▸ Exercise
The answer must reproduce exactly the lines from the one with "The list of" through the end of the material, and it must contain no pictures.

▸ Recorded data
━━━

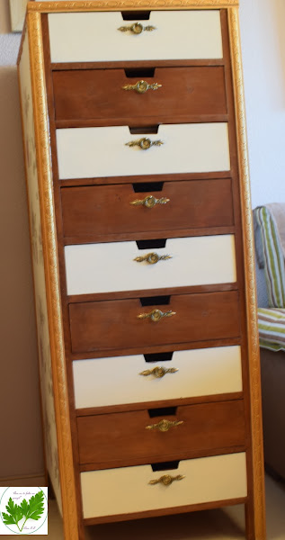 Cuando las molduras estuvieron bien pegadas, las pinté en dorado viejo y alterné la pintura a la tiza con el barníz en los cajones.
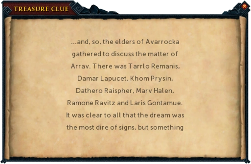 The list of elders is an item used during the Defender of Varrock quest. The list may be used to seek out descendants of ancient residents of Varrock, and can be found by searching the Scrolls on the library floor at the Varrock Palace.
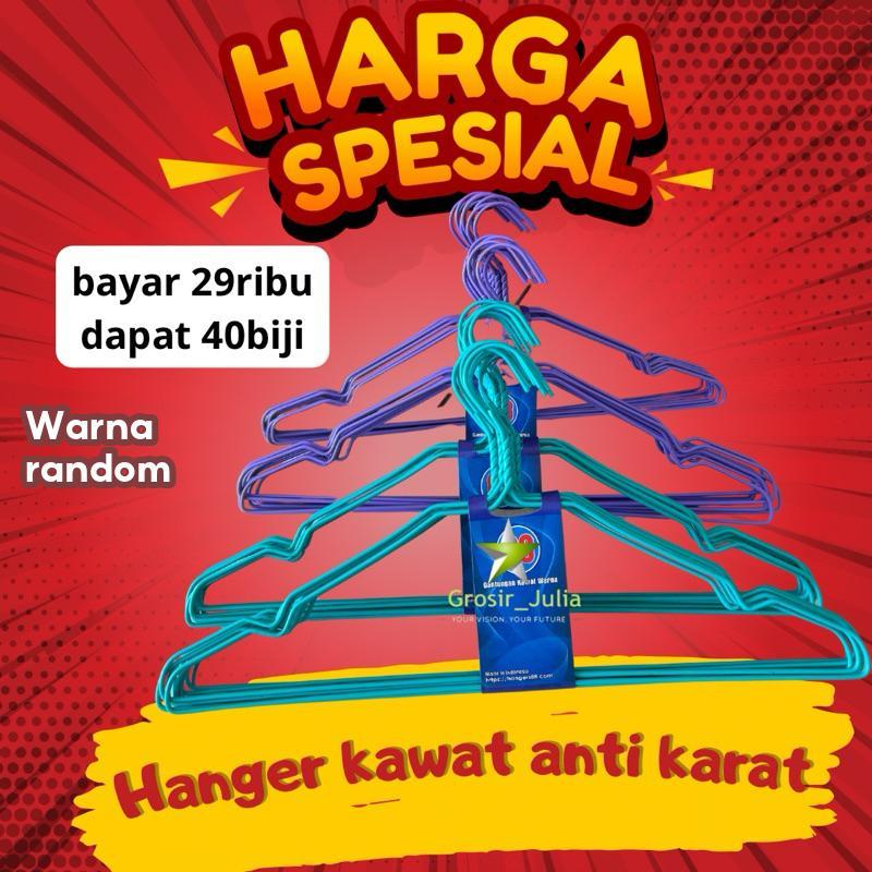 Isi 40Pcs Hanger Kawat Warna Gantungan Baju Anti Slip Anti Kawat Dewasa

━━━

▸ Task answer
 The list of elders is an item used during the Defender of Varrock quest. The list may be used to seek out descendants of ancient residents of Varrock, and can be found by searching the Scrolls on the library floor at the Varrock Palace.
 Isi 40Pcs Hanger Kawat Warna Gantungan Baju Anti Slip Anti Kawat Dewasa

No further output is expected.